Die schwere Eichenpforte schwang quietschend auf und ein Maskierter trat ein,
stellte sich zwischen Albert und den Weg in die Freiheit, in der einen Hand
einen schweren Leuchter, in der anderen eine Pergamentrolle sowie Feder und
Tinte. Der Maskierte war ein Hüne. Annähernd so groß und breit gewachsen wie
Robert, verschwendete Albert bei seinem Anblick keinen weiteren Gedanken mehr
an eine Flucht, zumal an dessen rechter Hüfte ein massiges Schwert im
Widerschein der Kerzen hell aufblitzte.
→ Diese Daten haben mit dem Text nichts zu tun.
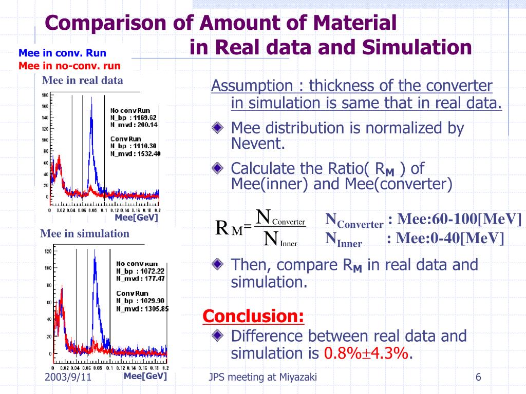 Mee in conv. Run Mee in no-conv. run Mee in real data Mee[GeV] NConverter : Mee:60-100[MeV] NInner : Mee:0-40[MeV] Mee in simulation Mee[GeV] Comparison of Amount of Material in Real data and Simulation Assumption : thickness of the converter in simulation is same that in real data. • Mee distribution is normalized by Nevent. • Calculate the Ratio( RM ) of Mee(inner) and Mee(converter) • Then, compare RM in real data and simulation. • Difference between real data and simulation is 0.8%4.3%. Conclusion: JPS meeting at Miyazaki

Wortlos überreichte der Riese ihm
Leuchter und Schreibutensilien, dann schloss er die Tür und der Riegel fiel
wieder zurück ins Futter.
    Albert entrollte das Pergament und
hielt es ins Licht des dreiarmigen Leuchters.
    »Aha, dachte ich’s mir doch, ihr
elendigen Halunken!«, murmelte Albert und lachte bitter. »Notieren soll ich
also, was benötigt wird, um euch die Rosette zu vergolden. Und selbstredend
werdet ihr mich nach vollbrachter Tat sofort freilassen.« Wieder lachte Albert,
doch seinem Lachen fehlte jegliche Heiterkeit.
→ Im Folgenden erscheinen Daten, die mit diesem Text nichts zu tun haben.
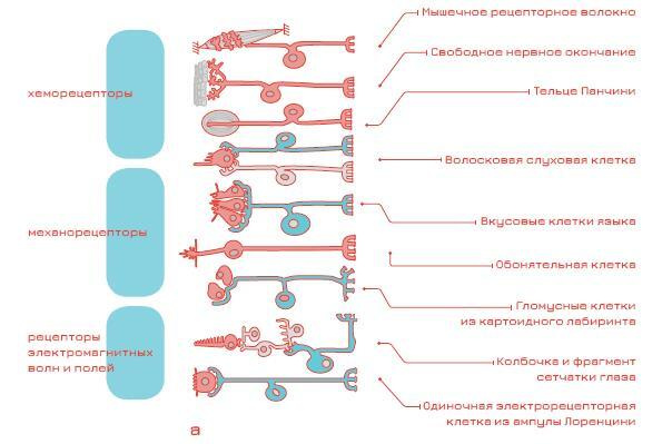 Наружу наш мозг выставил детекторы фотонов, разных химических веществ, датчики давления и т.д. При всём кажущемся многообразии наших ощущений они производятся весьма ограниченным набором физических воздействий (рис. 1а, б).

    »Ich werde euch die Zeit, die mir
bleibt, schön auf Trab halten, und gut will ich es mir zudem ergehen lassen!«
    Albert ging kurz in sich, dann
flog die Feder über das Pergament.
    »Erst einmal heraus aus diesem
Loch, denn ich brauche mehr Raum für meine Arbeit. Ebenso ist Sonnenlicht
vonnöten, also muss ein Fenster her. Nun noch die üblichen Gerätschaften wie
Feuerstelle, Kessel und Glaskolben, Waage, Pipette, Mörser et cetera perge
perge.«
    Er hielt kurz inne, bevor er
fortfuhr.
    »Doch nun zu mir …«,
und ein Lächeln huschte über sein Gesicht.
    Weiß Gott, ein wacher
Geist braucht einen vollen Bauch.
    Vielen Gaumenfreuden
musste Albert entsagen, seitdem er sein Gelübde abgelegt hatte, und so quälte
ihn nachts nicht nur einmal manch verführerischer Traum, während der arme Magen
knurrte und mit seinem Schicksal haderte. Nun war es an der Zeit, dem Drängen
nachzugeben. Mal schauen, dachte er sich, wie weit ihre Geduld wohl reichen
mag.

     
    *

     
    Osman wäre vor
Schreck beinahe der Länge nach in den Schlamm gefallen, als das Glockengeläut
zur Matutin aus unmittelbarer Nähe über die Befestigung der Domburg zu ihm
herüberschallte.
    Der neue Tag hatte schon begonnen,
und noch immer waren sie diesseits der Stadtmauern, die sich immer mehr als ein
unüberwindliches Hindernis herausstellten.
    Soeben hatten sie das
Pantaleonstor im Westen der Anlage hinter sich gelassen und nun meinte Osman
bereits die Nahtstelle zu sehen, an der die Stadtmauer mit dem Domburgwall
zusammentraf. Von dort aus wäre es nicht mehr weit und sie hätten wieder den
Ausgangspunkt ihres Marsches, das Brühltor, erreicht.

     
    *
    Auch Robert machte
sich so seine Gedanken, doch eilten sie denen Osmans bereits voraus, denn er
hatte die Hoffnung inzwischen aufgegeben, den Wall überwinden zu können.
Entweder waren die Mauern zu hoch oder, wenn denn ein Übergang zumindest
denkbar gewesen wäre, durch zahlreiche Wachen gesichert.
    Nun tauchte bereits das Brühltor
vor ihnen auf. Und auch der Regen schien nicht mehr so heftig zu prasseln.